--- LISTED RECORDS Enclosed Below ---
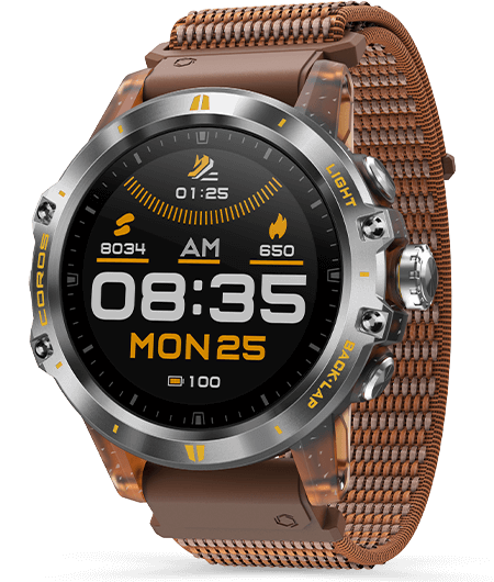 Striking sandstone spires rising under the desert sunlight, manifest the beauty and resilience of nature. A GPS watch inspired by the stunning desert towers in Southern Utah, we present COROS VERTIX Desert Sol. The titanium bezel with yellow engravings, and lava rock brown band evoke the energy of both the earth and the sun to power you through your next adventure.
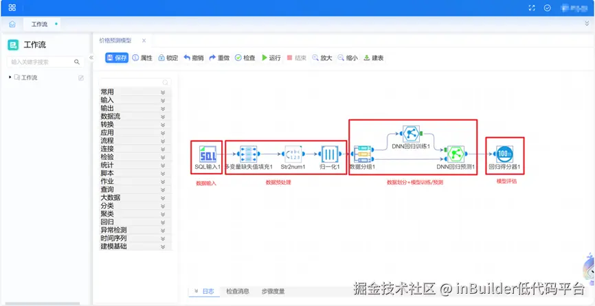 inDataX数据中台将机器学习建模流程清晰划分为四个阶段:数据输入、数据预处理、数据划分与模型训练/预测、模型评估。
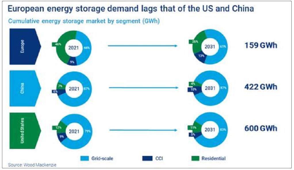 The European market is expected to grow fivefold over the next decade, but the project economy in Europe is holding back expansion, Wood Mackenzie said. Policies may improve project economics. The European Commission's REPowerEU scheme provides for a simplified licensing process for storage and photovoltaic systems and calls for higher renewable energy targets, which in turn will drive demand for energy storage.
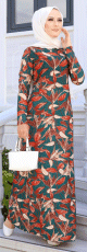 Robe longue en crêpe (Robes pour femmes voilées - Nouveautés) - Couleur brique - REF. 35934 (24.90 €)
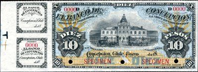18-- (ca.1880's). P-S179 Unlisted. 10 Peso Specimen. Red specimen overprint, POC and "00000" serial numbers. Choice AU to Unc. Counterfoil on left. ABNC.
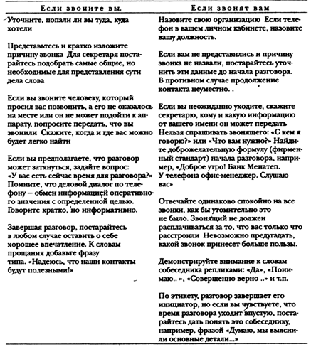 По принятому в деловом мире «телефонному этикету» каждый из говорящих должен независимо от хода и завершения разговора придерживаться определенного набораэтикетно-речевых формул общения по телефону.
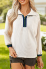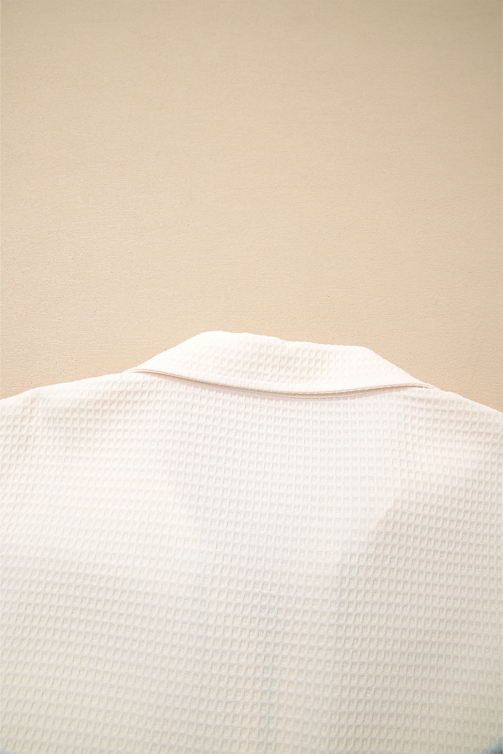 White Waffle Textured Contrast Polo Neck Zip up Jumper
--- End of Enclosed LISTED RECORDS ---
→ **WHAT THIS TASK INVOLVES**
Reproduce verbatim the opening line of the material and every line after it, up to and including the line with "18-- (ca.1880's). P-S179", but no pictures.

→ **RESPONSE TO THE EXERCISE**
 Striking sandstone spires rising under the desert sunlight, manifest the beauty and resilience of nature. A GPS watch inspired by the stunning desert towers in Southern Utah, we present COROS VERTIX Desert Sol. The titanium bezel with yellow engravings, and lava rock brown band evoke the energy of both the earth and the sun to power you through your next adventure.
 inDataX数据中台将机器学习建模流程清晰划分为四个阶段:数据输入、数据预处理、数据划分与模型训练/预测、模型评估。
 The European market is expected to grow fivefold over the next decade, but the project economy in Europe is holding back expansion, Wood Mackenzie said. Policies may improve project economics. The European Commission's REPowerEU scheme provides for a simplified licensing process for storage and photovoltaic systems and calls for higher renewable energy targets, which in turn will drive demand for energy storage.
 Robe longue en crêpe (Robes pour femmes voilées - Nouveautés) - Couleur brique - REF. 35934 (24.90 €)
18-- (ca.1880's). P-S179 Unlisted. 10 Peso Specimen. Red specimen overprint, POC and "00000" serial numbers. Choice AU to Unc. Counterfoil on left. ABNC.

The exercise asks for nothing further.